Namun untungnya nilai-nilai Gus Dur yang dihidupkan kembali oleh para penggerak Gusdurian turut merangkul semua komunitas, agama, suku, warna kulit, ragam gender, dsb. Sehingga meski secara tidak langsung negara tak menganggap ada dengan tidak memenuhi hak-hak mereka.
Komunitas Gusdurian telah menjadikan kelompok tersebut ada dan berharga. Kehadiran komunitas Gusdurian begitu terasa manfaatnya, terbukti di awal September 2022 tiga puluh anak muda dari seluruh Indonesia dan salah satunya saya. Turut hadir berkumpul di suatu kampung di kota Yogyakarta dalam sebuah program bernama youth camp muda toleran.
Dalam kegiatan ini tiga puluh anak muda dari latar belakang berbeda satu sama lain saling bertukar cerita, keluh kesah, kekecewaan atas ketidakadilan, menjadi sebuah ruang aman untuk mengkonfirmasi, mengekspresikan diri, serta mau bersuara untuk memperjuangkan hak dari saudaranya.

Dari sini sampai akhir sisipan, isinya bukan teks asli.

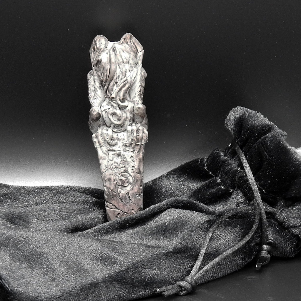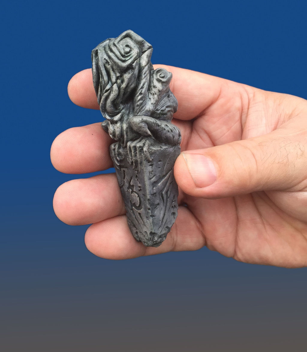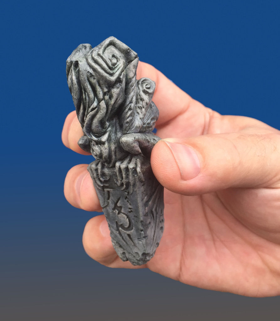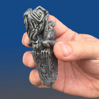 Sculptures of Lovecraft's celebrated Great Old One Cthulhu come in many shapes and sizes, but this is one of our favorites. Sculpted by Jason Hendricks, this Cthulhu fetish fits comfortably in the palm of your hand and is wrought with a tremendous level of detail, cryptic runes, and a hint of terrible antiquity. Worship it, run from it, or show it to the gang at your next cult ritual!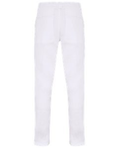 Fly with overstitching and placket with tone-on-tone recycled plastic buttons.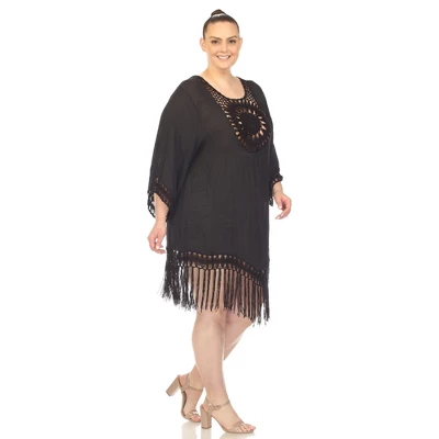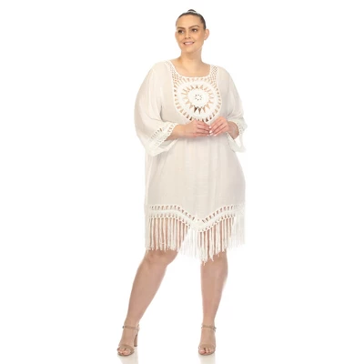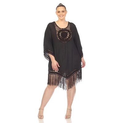 This White Mark cover up is a perfect style partner on your next get-away. The front crochet design with intricate details is inspired by the stunning sunshine. Made from the comfiest and lightly sheer fabric that is soft to the skin. Features a ¾ wide sleeves and fringe edges for a chic look.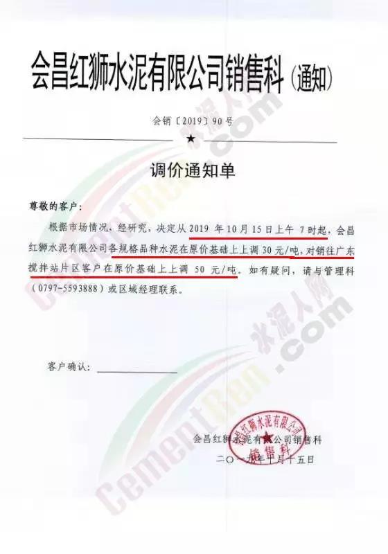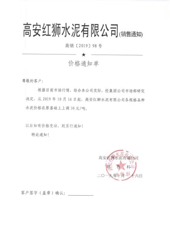 感謝您一直以來對南方水泥的信任和支持,根據市場行情變化,我公司經研究決定:自2019年10月15日上午8點開始,所有品種水泥價格在原有基礎上上調30元/噸。感謝您一如既往的支持。----溫馨提示:價格調整后,如您繼續(xù)安排:到我公司提貨,則視為確認本次研究調整,感謝您的支持,特此通知!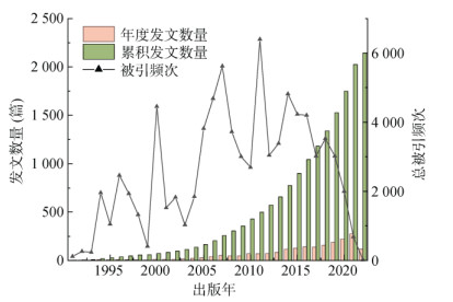 图 1 年度发文数量与累积发文数量及被引频次 Fig. 1 Numbers of annual and cumulative publications and frequency of citations |

Kegiatan youth camp muda torleran tidak hanya mempertemukan tiga puluh anak muda dari seluruh Indonesia, untuk saling mengkonfirmasi satu sama lain atas isu yang berkembang di masyarakat yang menyudutkan komunitas maupun kelompoknya. Akan tetapi turut mengajarkan langkah-langkah agar berjiwa penuh toleran yang mana tercantum dalam sebuah materi open mind, open heart, dan open will.
Ketiga hal tersebut sekaligus menyadarkan diri saya secara pribadi untuk lebih mengawas diri jangan-jangan diri sendiri justru intoleran pada suatu perbedaan. Kegiatan youth camp muda toleran turut juga menghadirkan Bapak Supomo selaku bapak konstitusi bertujuan agar ketiga puluh anak muda menyadari bahwa tidak hanya masyarakat luas yang belum terkonfirmasi atas isu yang menyudutkan kelompok nya, tapi negara pun secara tidak langsung turut terlibat dalam mendiskriminasi. Sehingga ruang gerak sengaja dipersempit, mungkin demi kebutuhan golongan tertentu dengan alasan keamanan. Yang mana hal itu sangat bertentangan dengan UUD 45 yang menjadi landasan dalam bernegara.
Jadi teramat sangat keliru jika satu sama lain saling berseteru padahal secara tidak sadar pemerintah telah mengabaikan kewajibannya dalam pemenuhan hak pada warganya. Rasanya teramat penting untuk sama-sama saling merawat keharmonisan ditengah tak hadirnya sebuah negara dalam pemenuhan hak nya. Setidaknya Negara pada akhirnya sadar bahwa Bangsa Indonesia tetap untuh buah dari hubungan harmonis antara kelompok yang belum terealisasikan hak-haknya oleh Negara. Biarpun begitu saya secara pribadi mencintai Indonesia dengan segala dinamikanya.